Should the PVP be changed with regards to instances?

Jeremy Shaw jeremy at n-heptane.com
Wed Dec 21 18:54:55 CET 2011


On Wed, Dec 21, 2011 at 11:24 AM, wren ng thornton <wren at freegeek.org> wrote:
> Agreed with this. And with Ganesh Sittampalam: the solution to the problem
> of major version changes is automated testing/reporting, not allowing
> potentially breaking changes in minor versions.

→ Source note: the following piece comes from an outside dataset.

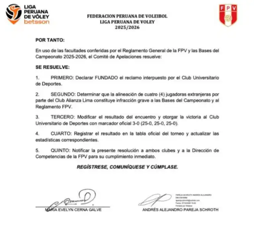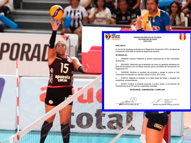 Universitario de Deportes fue declarado ganador del clásico ante Alianza Lima en la Liga Peruana de Vóley 2025/2026, luego de que el Comité de Apelaciones de la Federación Peruana de Voleibol resolviera a su favor un reclamo por alineación indebida. En la resolución oficial se señala que se debe “declarar FUNDADO el reclamo interpuesto por el Club Universitario de Deportes”, decisión que cambia por completo el desenlace deportivo del encuentro disputado el último domingo.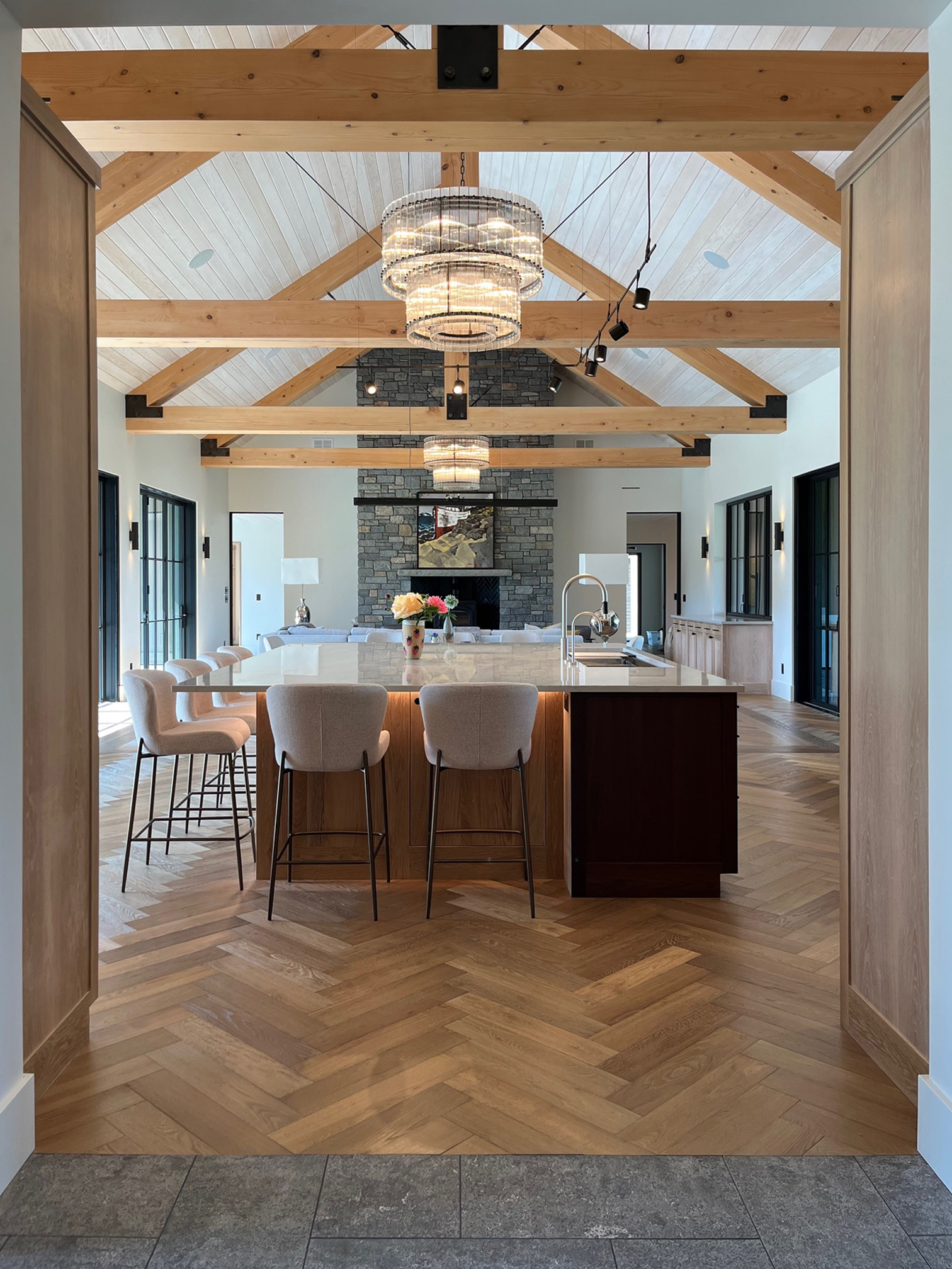 Material selections emphasize regional character andenduring beauty. Locally sourced cedar is used throughout for siding and timberframing. Columbia River basalt grounds the home in the geology of the PacificNorthwest, reinforcing a strong sense of place and permanence.

Can you explain how this helps ?

The problem I have is that the chances of adding a new instance
breaking something is often pretty low -- possibly 0. But, bumping the
major version number requires myself and others to do a bunch of work.
Would this automated testing allow me to be sure that nothing will
break when I add an instance, and therefore allow me to only bump the
minor version number? Obviously, the only way to know is to look in
every package the depends on my library and see if it adds any
conflicting instances. Though in practice, we can really only check
the packages on hackage.

Let's say the authors of text add a new instance[1]. I can not
actually update to that new version of text until all the other
libraries I use that depend on it are updated. For a very popular
library, like text, than can take awhile. So, I am stuck with the old
version until everybody updates -- and probably all they are going to
do is bump the version range.

Let's say that there turns out there is a conflict -- some package
does create a duplicate instance. Well, I can always use the
constraints flag to stick with the older text library until that *one*
problem package is updated. Annoying -- yes, but so is the
alternative.

So, the 'automated' solution I would like to see is one where the text
authors upload a new version with a bumped major version, and then
something automated happens and I can install text plus all the other
libraries that use it with out having to wait for the authors to
update their libraries.

Alternatively, a system where libraries exported some sort of
declaration of the API they need, so that the PVP is irrelevant would
be nice too -- if such a thing could be made to work. The core issue
is, after all, that we basically have a single bit of information that
we use to declare that the API is changed. That is obviously not very
fine grained...

- jeremy

[1] I don't text actually declares any type classes -- but let's pretend it did.